The Versatility of Fluorescent Probes on Protoplasts

With the advent of cell imaging technologies, fluorescence microscopy has been increasingly used for the visual insight it provides. While many probes can be used on plant tissues, autofluorescence and probe specificity have turned out to be an issue. Some dyes also tend to accumulate within the CW microfibrils, tempering with the imaging process (Blachutzik et al., 2012). Fluorescent probes applications on protoplasts appear then as particularly useful since they allow observations at the single cell level without the issues caused by the presence of the CW (Figure 1 for an overview).

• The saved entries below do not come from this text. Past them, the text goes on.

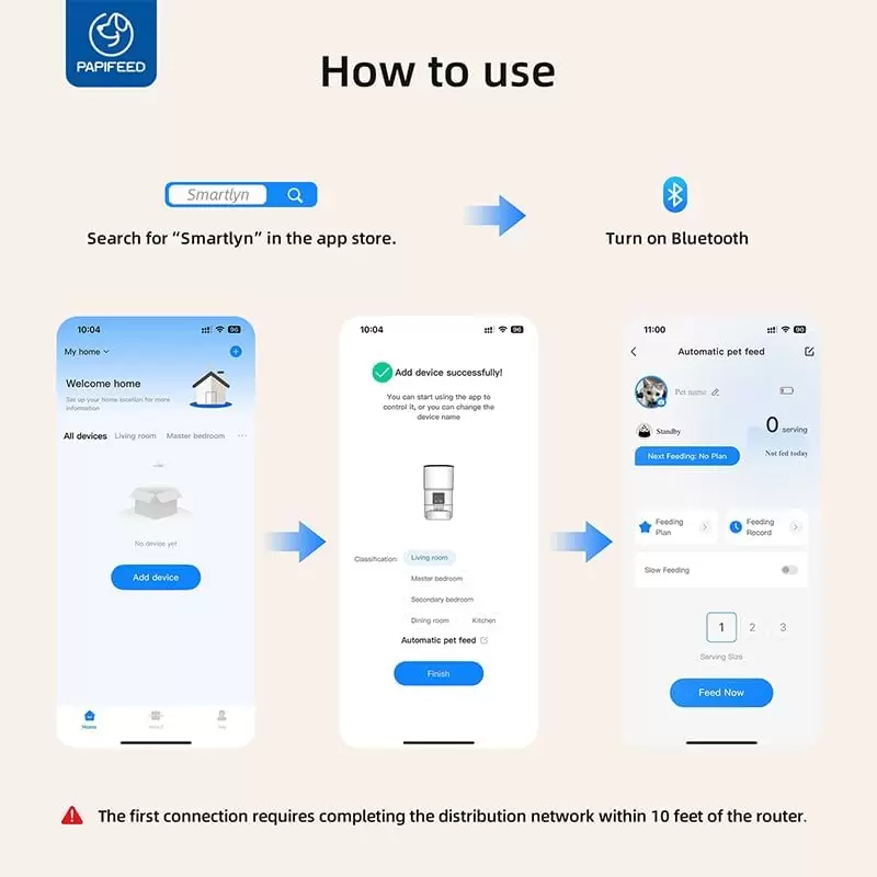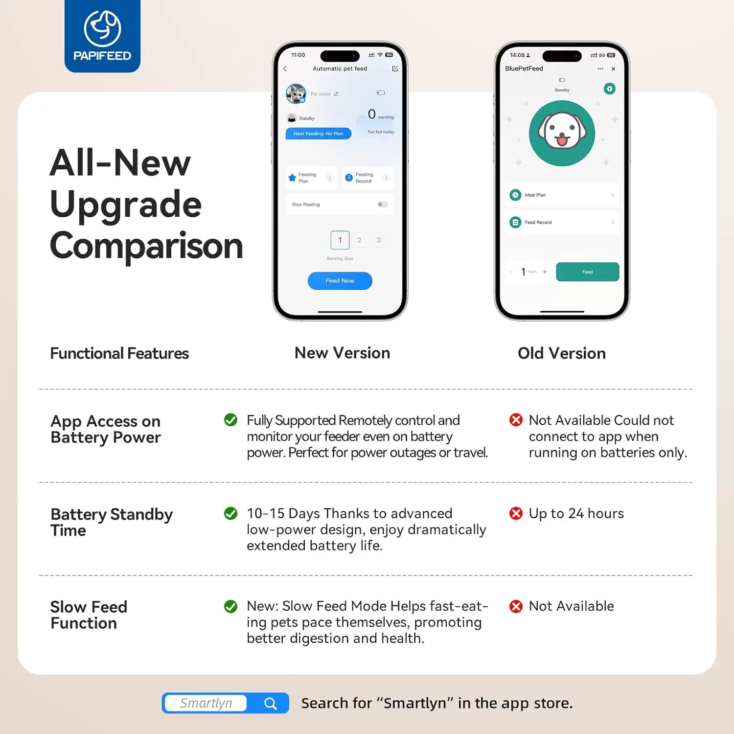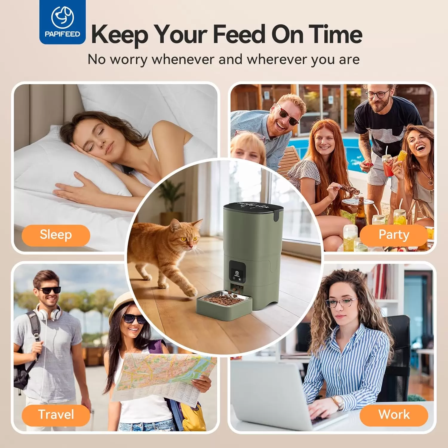 Alimentación totalmente personalizable a través de la aplicación Con la aplicación dedicada (requiere una red Wi-Fi de 2.4 GHz), puedes crear un plan de alimentación flexible con 1 a 12 comidas por día y de 0 a 12 porciones por comida. Esta programabilidad ofrece comodidad para rutinas diarias ocupadas o cuando está fuera en viajes cortos.
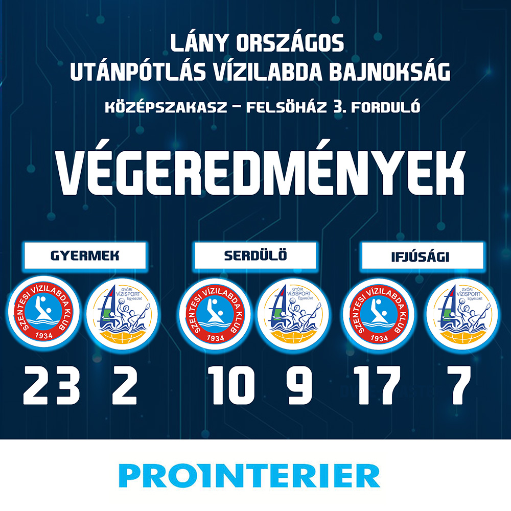 Március 30-án, vasárnap a Dr. Rébeli-Szabó József Városi Sportuszoda adott otthont a Lány Utánpótlás korosztályos OB középszakasza újabb fordulójának. A Prointerier Szentes csapatai a GYVSE UNI-GYŐR együtteseit fogadták. Az alapszakaszt követően újra összecsapott a két csapat, ez alkalommal mindhárom mérkőzésen begyűjtötték a 3 pontot Tóth Csenge és Tóth Gyula tanítványai.
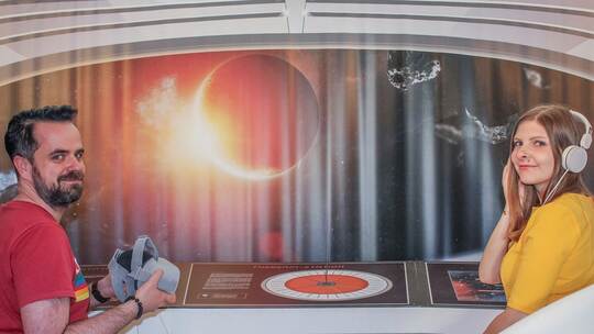 Der Weltraum, unendliche Weiten eröffnen sich vor dem Schaltpult des Raumschiffs. Dann eine helle Fläche unter uns, übersät mit Blasen und Kratern. Staub wirbelt auf, die ersten Schritte, eher kleine Hüpfer – wir sind auf dem Mond gelandet. Also Neil Armstrong und ich mit meiner VR-Brille. Bevor die virtuelle Welt wieder der Realen weichen muss, erzeuge ich mit dem elektronischen Musikinstrument Theremin ohne es berühren zu müssen ein paar sphärische Klänge und schwelge auf meinem Kommando-Sessel mit Blick auf das am Computer gezeichnete und dann ausgedruckte halbrunde, Acht-Meter-Weltraumpanorama in den Klängen von „Major Tom“. Die Musik ist ein wenig zu laut eingestellt wie Museumsleiterin Jacqueline Maltzahn-Redling bemerkt. Das muss bis zur Eröffnung der neuen Schau „Phänomen Universum. Utopie und Wirklichkeit“ noch leiser gestellt werden. Die Ausstellungsmacher im Schloss in Neuenbürg sind in den letzten Zügen.
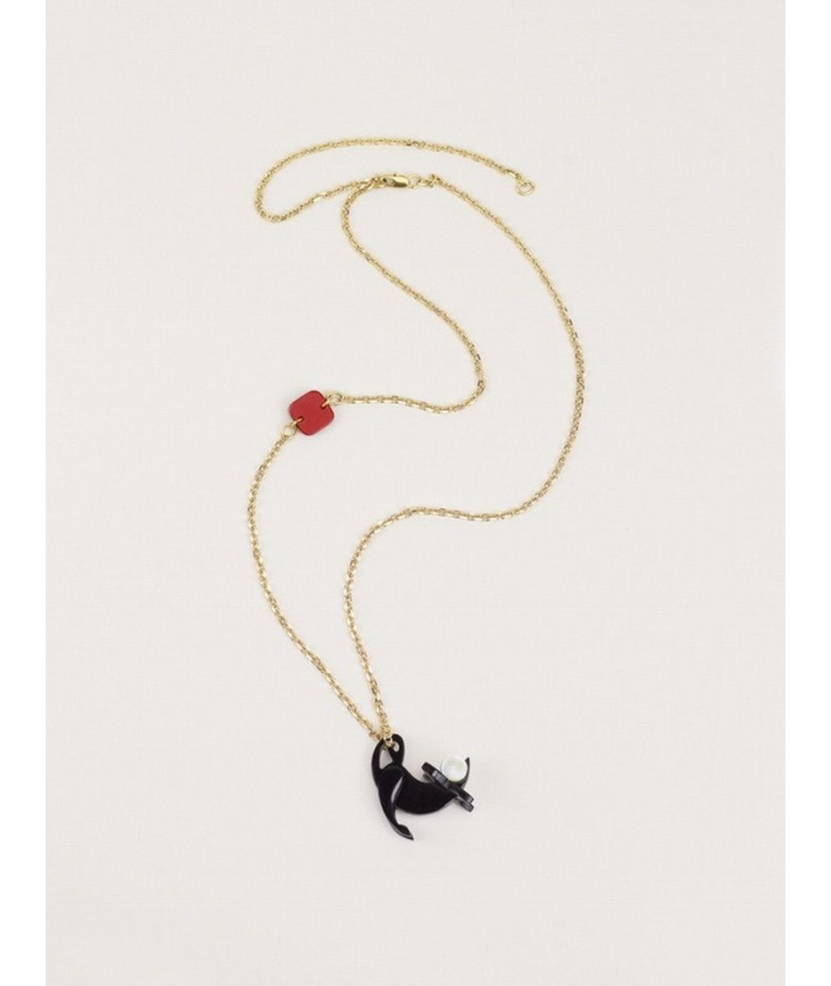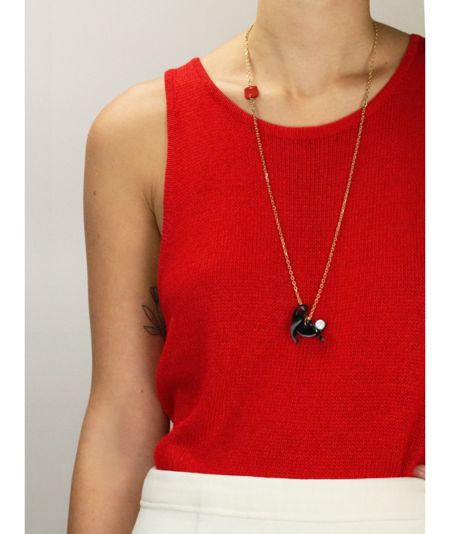 Chaîne en laiton et élément en corne et laque Rouge Feu
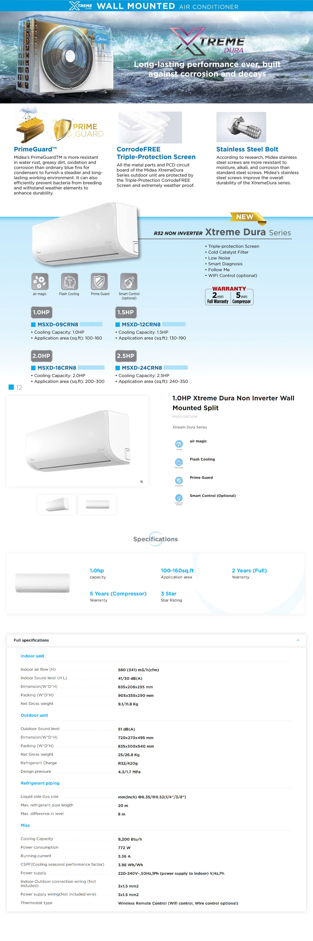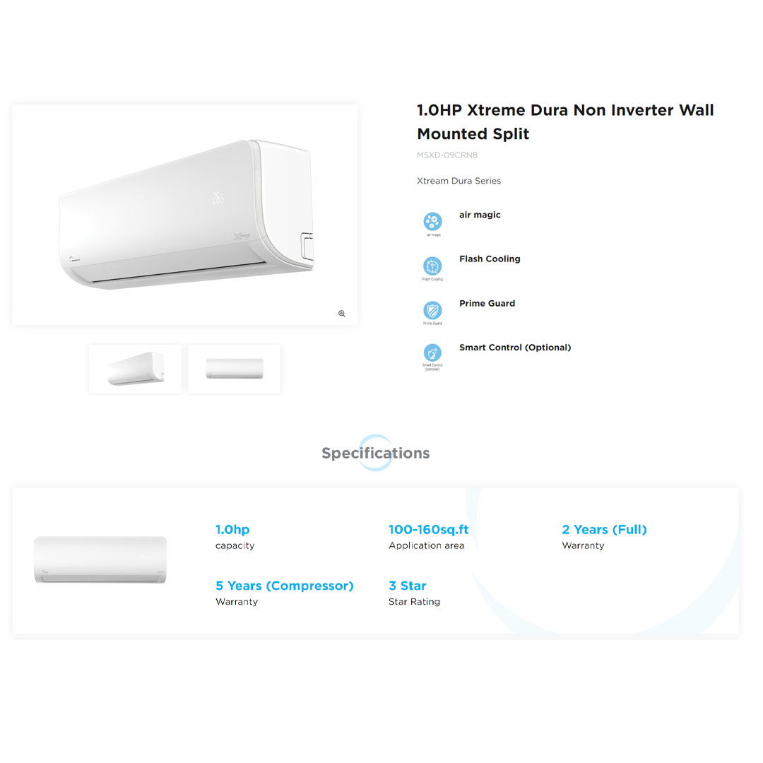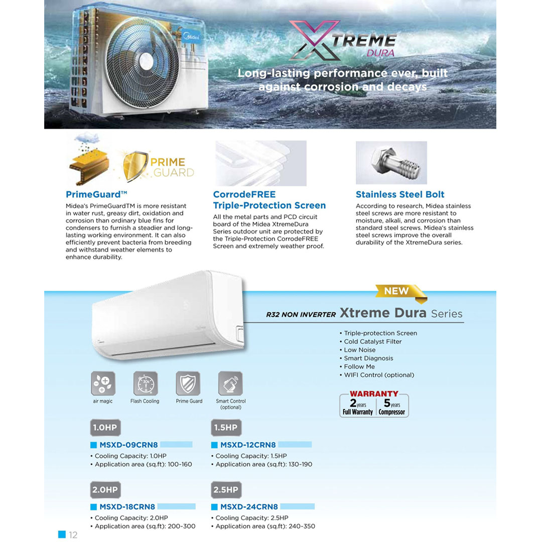 Midea 1HP R32 Xtreme Dura Non-Inverter Wall Mount Air Conditioner MSXD-09CRN8 | Air Magic | Flash Cooling | Prime Guard | Smart Control | Triple-protection Screen | Cold Catalyst Filter | Air Conditioner with 2 Year Warranty
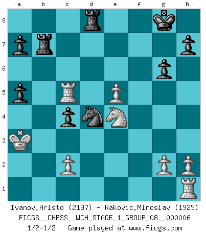 Last move : 1/2-1/2 2009 February 26 1:31:19 [Event "FICGS__CHESS__WCH_STAGE_1_GROUP_08__000006"] [Site "FICGS"] [Date "2009.02.03"] [Round "1"] [White "Ivanov,Hristo"] [Black "Rakovic,Miroslav"] [Result "1/2-1/2"] [WhiteElo "2187"] [BlackElo "1929"] 1.e4 e6 2.d4 d5 3.Nc3 Bb4 4.e5 c5 5.a3 Bxc3+ 6.bxc3 Ne7 7.Qg4 O-O 8.Bd3 f5 9.exf6 Rxf6 10.Bg5 Rf7 11.Qh5 g6 12.Qd1 e5 13.dxe5 Nbc6 14.f4 c4 15.Be2 Qb6 16.Rb1 Qc5 17.Bxe7 Nxe7 18.Qd4 Qxd4 19.cxd4 Rxf4 20.Bf3 b6 21.Ne2 Rf7 22.a4 Bf5 23.Kd2 Raf8 24.Nc3 Be6 25.a5 bxa5 26.Rb5 Nf5 27.Bxd5 Nxd4 28.Bxe6 Nxe6 29.Ne4 Rd8+ 30.Kc3 Nd4 31.Rc5 Ne2+ 32.Kb2 Rb7+ 33.Ka3 Nd4 1/2-1/2 French : Winawer, Advance, poisoned pawn variation Kingside Castling by player Black (move 7) This chess game ended in a draw. Follow this game move after move (download)Chess is like war on a board. (Bobby Fischer) Du kannst im Schach nur gut werden, wenn du das Spiel liebst. (Robert James Fischer) El ganar no lo es todo... pero el perder es nada. (Mednis) Il n'y a pas eu de défaite parce que je ne crois pas que cet ordinateur ait jamais existé. IBM a triché en refusant d'imprimer les modes de recherche de la machine. C'est évident, pendant le match, des coups décisifs ont été joués par des êtres humains. Aujourd'hui, les meilleurs spécialistes en informatique ne peuvent toujours pas expliquer comment Deep-Blue a pu jouer contre la logique des ordinateurs. IBM a gagné une guerre de communication, mais ils sont incapables de prouver que l'ordinateur a gagné tout seul. (Garry Kasparov) Bobby never cared about money, though. His only desire was to prove that his choices were correct: He wanted chess to be important because he was a chess player, and he wanted to be important. Bobby knew money was important, but he didn't have a clue why, outside of clothes and status. The only way he could accomplish what he wanted was to fight for a lot of money. Once he got it, he gave it away. He did not know how to spend it. And once he'd become champion, after, essentially, sacrificing his life for it, he didn't know how to spend his time. (Bob Wade)
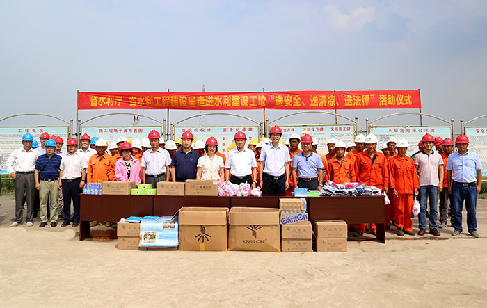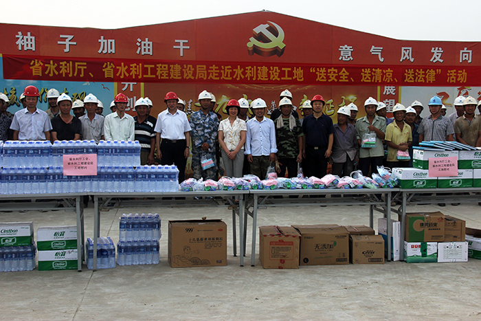 7月23日至24日,省水利廳副巡視員湯超率隊(duì)赴我公司界牌樞紐和瓜洲泵站工地,開(kāi)展夏季“送安全、送清涼、送法律”慰問(wèn)活動(dòng),并對(duì)獲得2017年度江蘇省十大重點(diǎn)工程勞動(dòng)競(jìng)賽榮譽(yù)稱號(hào)的單位和個(gè)人進(jìn)行了表彰。省水利廳機(jī)關(guān)黨委、工會(huì),省水利工程建設(shè)局及省太湖治理工程建管局、揚(yáng)州市水利局有關(guān)負(fù)責(zé)同志參加慰問(wèn)。我公司副總經(jīng)理翟高明、總經(jīng)理助理湯應(yīng)來(lái)參加相關(guān)活動(dòng)。
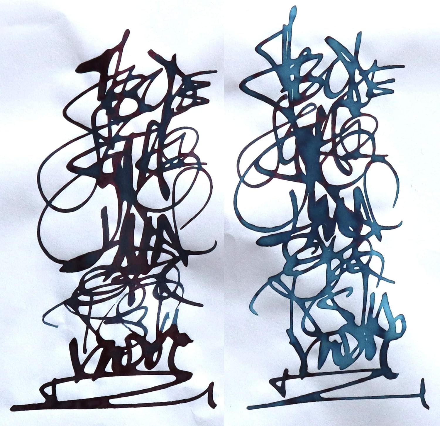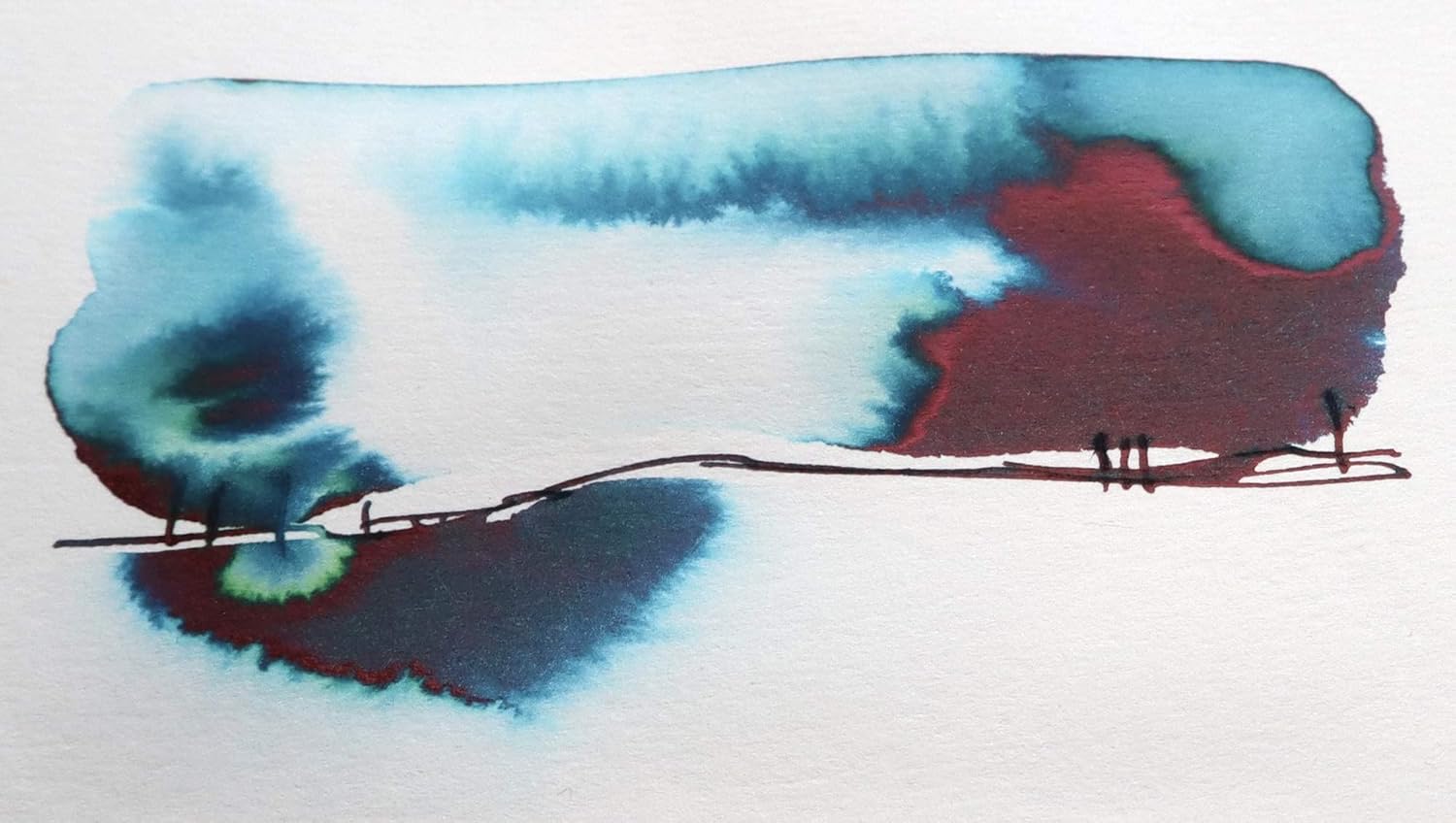 Inchiostro bicolore della fabbrica di inchiostro Diamine di Liverpool. Oltre al colore di base turchese, a seconda dell'intensità del flusso dell'inchiostro è visibile un colore rosso sulla superficie. 80 ml in elegante vetro Ottima scorrevolezza Adatto per ogni penna stilografica

Cell Viability and DNA Damages

Fluorochromes are often used to discriminate between living and dead protoplasts and to assess their viability and the damages they might have suffered. Indeed, protoplast isolation procedures and the culture conditions that follow, may induce cell stress or damage (Neelakandan and Wang, 2012), which should be avoided if one wants to study the effect of biotic and abiotic stresses. One of the most referenced dyes is FDA (fluorescein diacetate), which highlights living cells (Bertini et al., 2019; Sangra et al., 2019; Qiu et al., 2020) or Evan’s blue, which highlights dead ones (Kollárová et al., 2019). Other fluorochromes can be used, such as PI (propidium iodide), DAPI (4'6-diamidino-2-phenylindole, dichloride), and 7-AAD (7-amino-actinomycin D) that do not cross intact PMs. Issues have previously been raised regarding techniques using fluorescence microscopy, as the quantification is linked to the viewer’s perception of fluorescence (Aoyagi, 2011; Badaró Costa et al., 2018). Thus, new automated measurements, such as flow cytometry (FCM; Zhou et al., 2019; González-García et al., 2020) and Muse cell analyzer, a compact FCM, allowing screening and sorting of protoplasts, along with measures on smaller volumes have been developed (Badaró Costa et al., 2018).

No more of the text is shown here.